🤖 AI Summary
In industrial equipment monitoring, fault data are scarce due to limited samples and high annotation costs, while existing generative models struggle to capture large inter-class discrepancies and high intra-class variability. To address this, we propose a diffusion-based few-shot fault time-series generation framework. Our method introduces: (1) a positive–negative discrepancy adapter that explicitly models the deviation between normal and fault domains, leveraging a pre-trained normal distribution to guide fault synthesis; and (2) cross-sample discrepancy regularization and a diversity loss to mitigate mode collapse, thereby enhancing both fidelity and diversity of generated samples. Evaluated on multiple benchmark datasets, our approach consistently outperforms state-of-the-art generative models. It is the first to simultaneously achieve high fidelity and high diversity in few-shot fault time-series generation, establishing new state-of-the-art performance in this domain.
📝 Abstract
In industrial equipment monitoring, fault diagnosis is critical for ensuring system reliability and enabling predictive maintenance. However, the scarcity of fault data, due to the rarity of fault events and the high cost of data annotation, significantly hinders data-driven approaches. Existing time-series generation models, optimized for abundant normal data, struggle to capture fault distributions in few-shot scenarios, producing samples that lack authenticity and diversity due to the large domain gap and high intra-class variability of faults.

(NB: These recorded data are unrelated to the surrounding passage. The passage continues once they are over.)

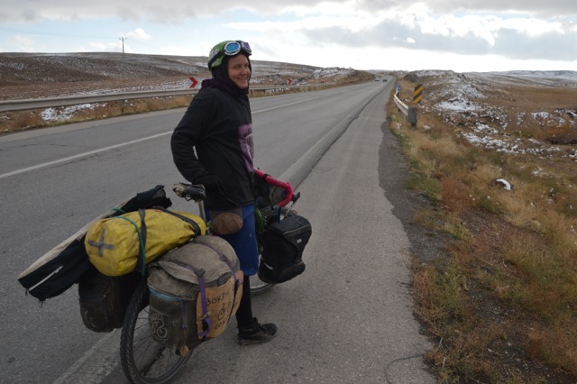 The next day we rolled onto the highway to thumb a ride as we had already cycled most of this section coming down to Shiraz. It took 20 mins before a truckie pulled over. Bikes were heaved onto the back and secured. We took our place in the cabin with the driver and enjoyed the different view. This is Iran so everytime we went to through a police check Astrid and I hid and Barbara pretended to be Iranian, pulling her headscarf tightly around her face. Our driver ended up being one of those true Iranian gentlemen, stopping so we could buy bread and dropping us at a perfect picnic area. Later he came back with his wife because I had left my gloves in his truck. They both invited us to stay but we needed to keep heading north.
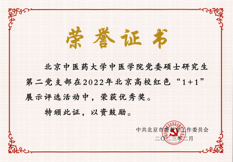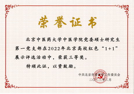 2023年3月7日,由北京市委教育工委主办的2022年北京高校红色“1+1”示范活动结果公布,经由上级评选我校中医学院2个研究生党支部荣获奖项。其中,中医学院党委硕士研究生第一党支部获三等奖,中医学院党委硕士研究生第二党支部获优秀奖。
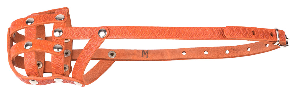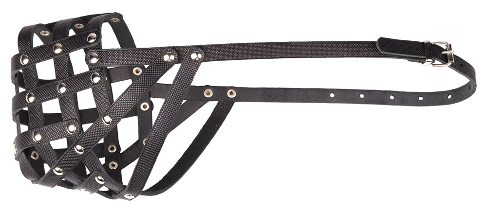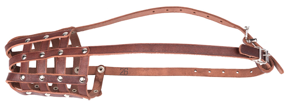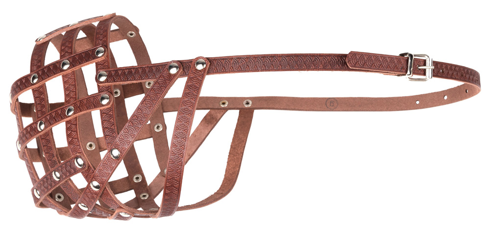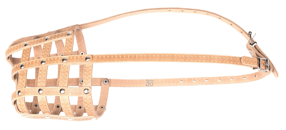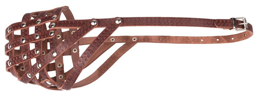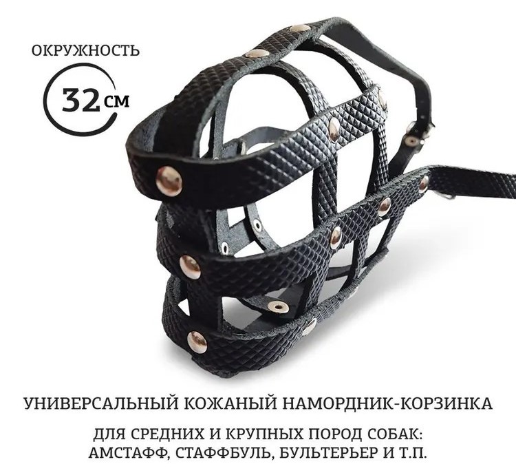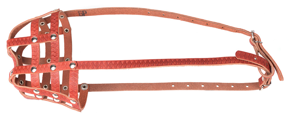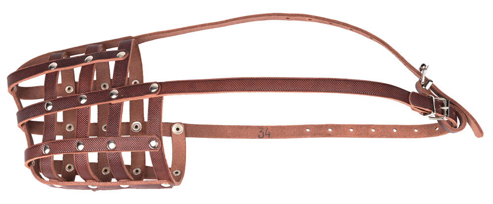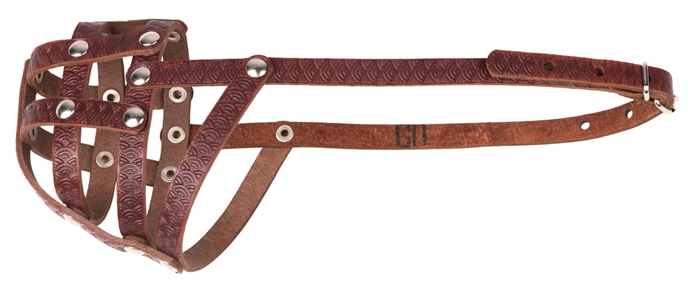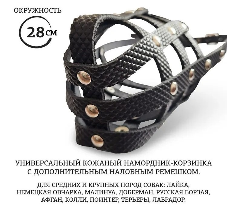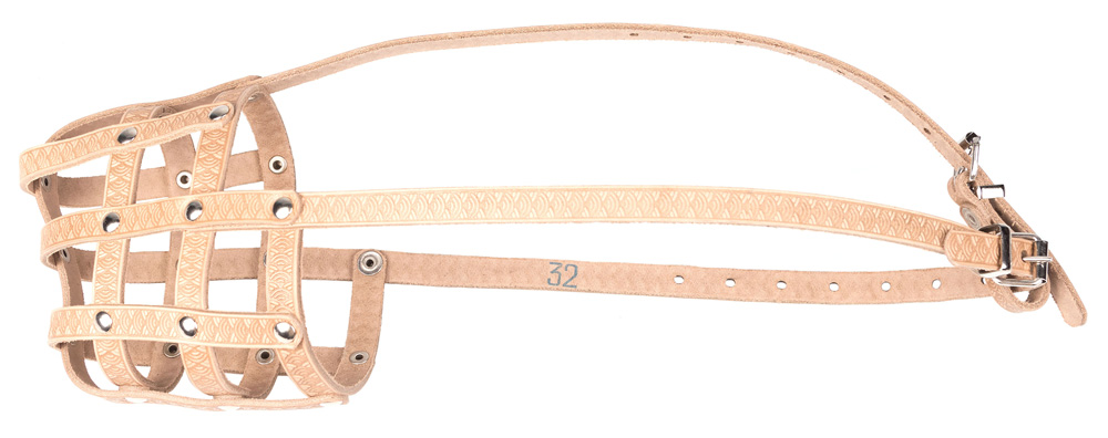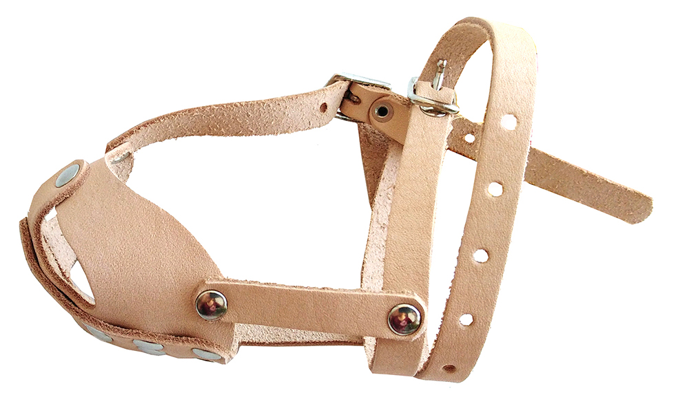 Намордник из натуральной мягкой кожи с открытой мочкой носа, защита от собирания мусора с земли, отверстия для вентиляции, дополнительный налобный ремешок.
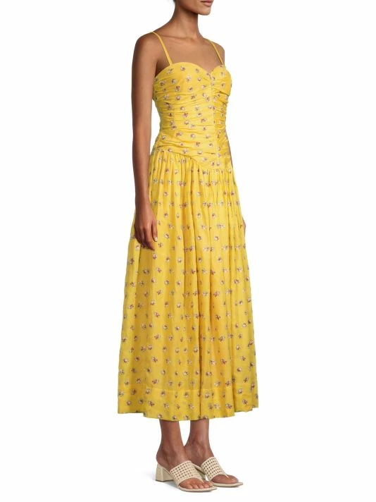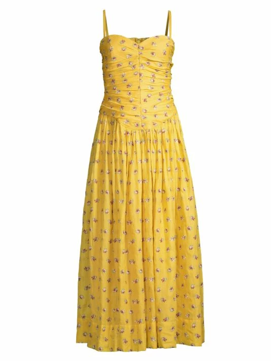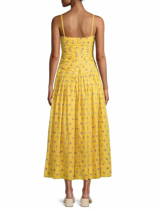 Tory Burch’s sleeveless midi-dress boasts a gathered bodice and floral garden rose print.
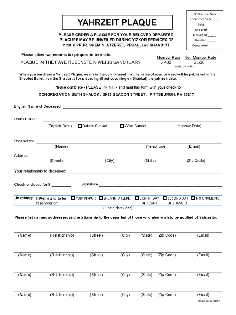 Office Use Only Form complete Paid Ordered Delivered Unveiled Completed YAHTZEE PLAQUE PLEASE ORDER A PLAQUE FOR YOUR BELOVED DEPARTED. PLAQUES MAY BE UNVEILED DURING MINOR SERVICES OF YOM KIPPUR,
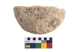 | Description / विवरण | A partially broken specimen of a oval shaped mueller stone with oval section. Prolonged used leads to a rounding and smoothening of the surface of the artifact. |
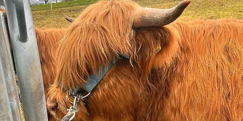 Unsere schottischen Hochlandrinder leben ganzjährig auf der Weide, sind umgänglich sowie Elektrozaun, Fress-Fanggitter Schlepper und Menschen gewöhnt.
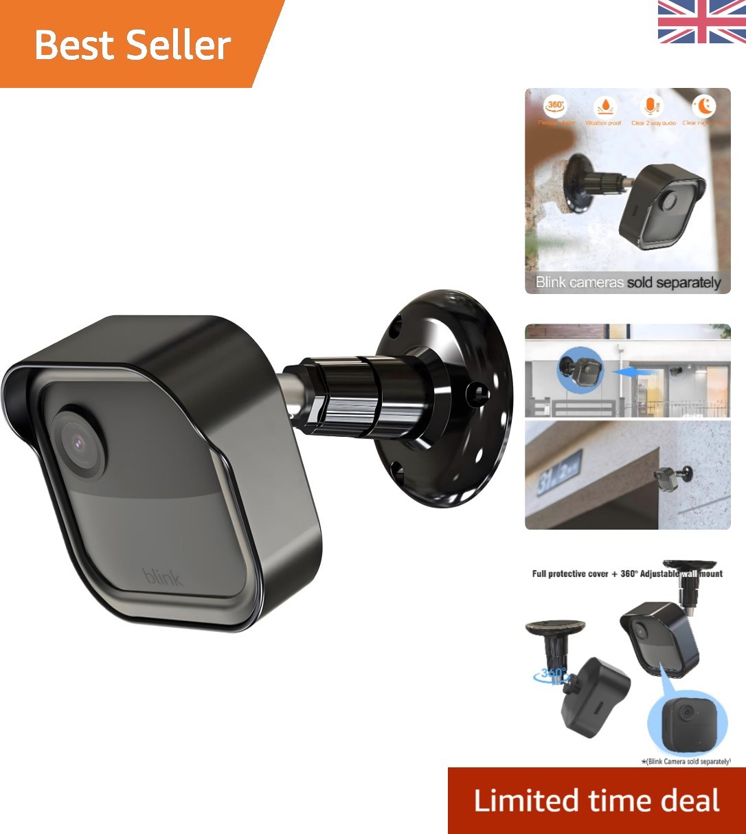 Blink Outdoor Camera Mount 360° Adjustable Wall Bracket Weatherproof Black
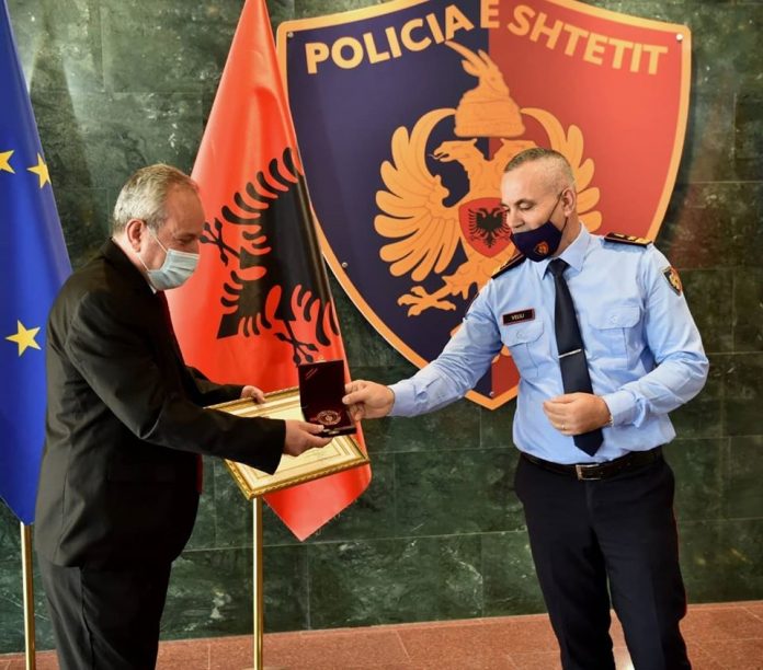 Drejtori i përgjithshëm i Policisë së Shtetit, Ardi Veliu i ka akorduar certifikatë “Për shërbime të dalluara”, drejtuesit Besnik Bakiut.
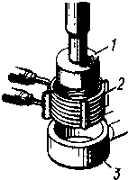 После нагрева в индукторе деталь охлаждают с помощью специального охлаждающего устройства. Через имеющиеся в нем отверстия на поверхность детали разбрызгивается охлаждающая жидкость.
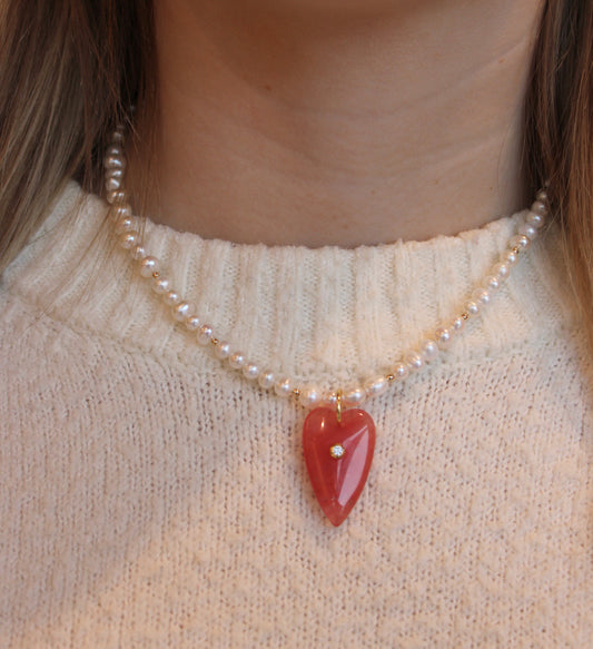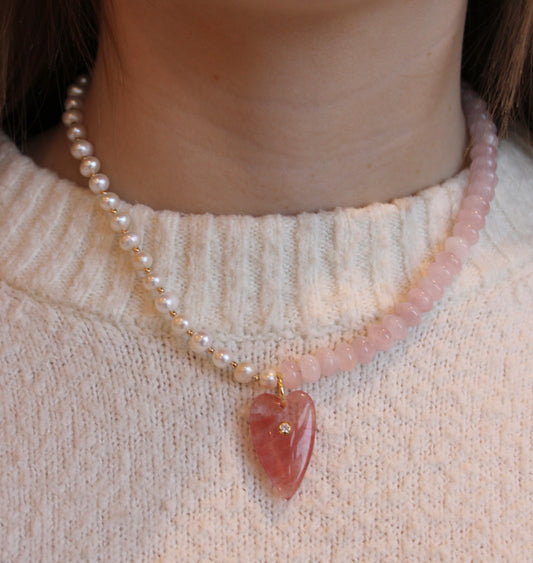 Rose Quartz + Pearl Heartstone
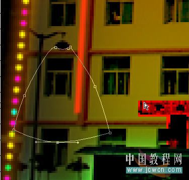 新建一层后,把路径变成选区并填充白色,动感模糊方向90,距离4,混合模式:叠加,ctrl+t自由变换,将光线拉到地面,再复制几个分别移动到各个路灯处,如图22
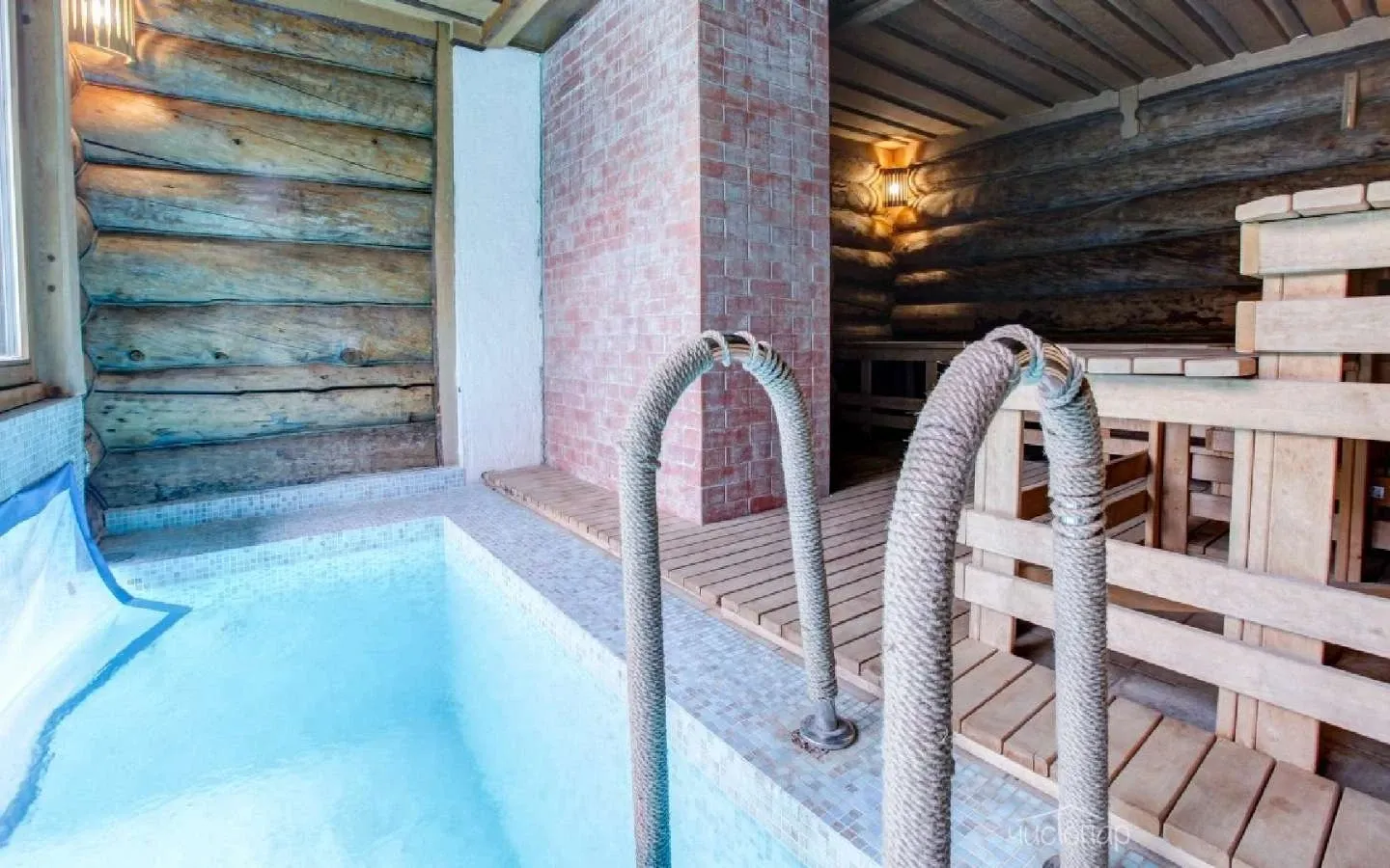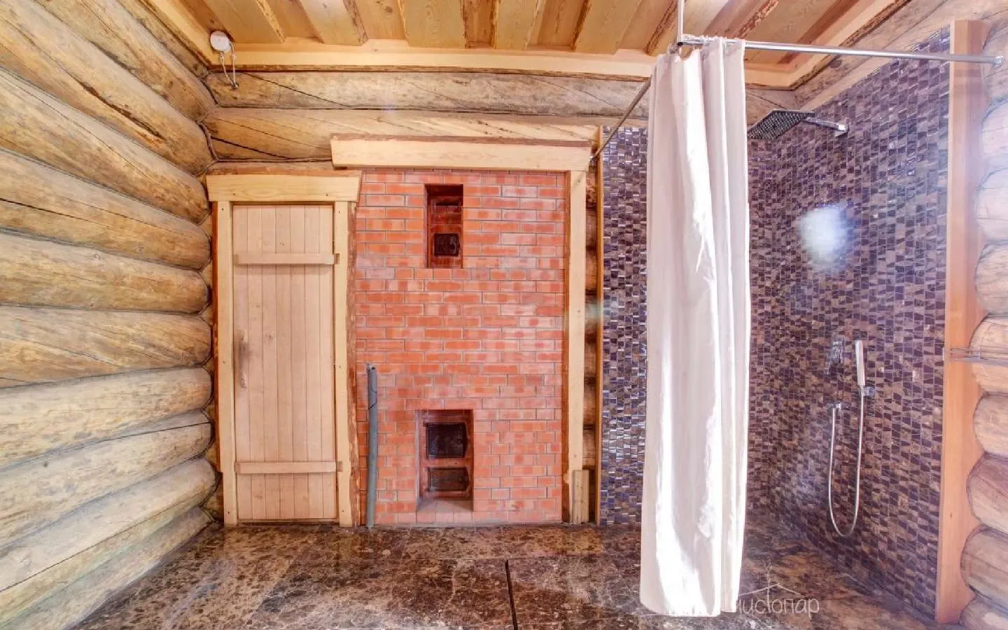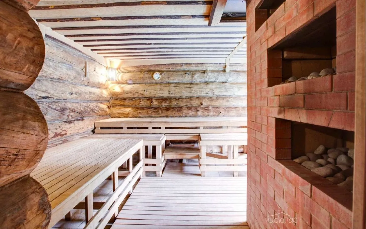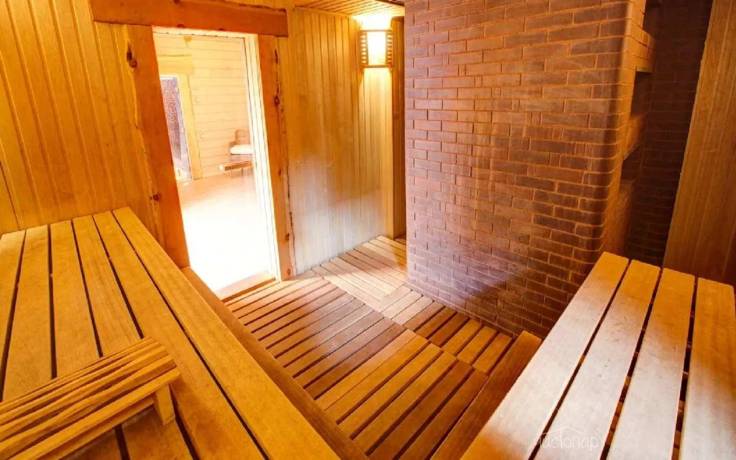 Финны не представляют своей жизни без парной, она есть в каждом многоквартирном доме как самое святое, без чего просто не обойтись. И предпочитают они именно сухой пар, чтобы «до косточек», а после – обливания холодной водой. Мы постарались точно воссоздать финскую баню, с учетом всех мелочей, чтобы порадовать наших гостей лучшим изобретением соседней страны. А для тех, кому сухой пар будет слишком непривычен, влажность воздуха можно легко регулировать, плеснув нужное количество воды на камни. А после парной – обязательно выйти во дворик и окунуться в подготовленную купель, что особенно приятно сделать на морозном воздухе.

To address this, we propose a novel few-shot fault time-series generation framework based on diffusion models. Our approach employs a positive-negative difference adapter, leveraging pre-trained normal data distributions to model the discrepancies between normal and fault domains for accurate fault synthesis. Additionally, a diversity loss is introduced to prevent mode collapse, encouraging the generation of diverse fault samples through inter-sample difference regularization. Experimental results demonstrate that our model significantly outperforms traditional methods in authenticity and diversity, achieving state-of-the-art performance on key benchmarks.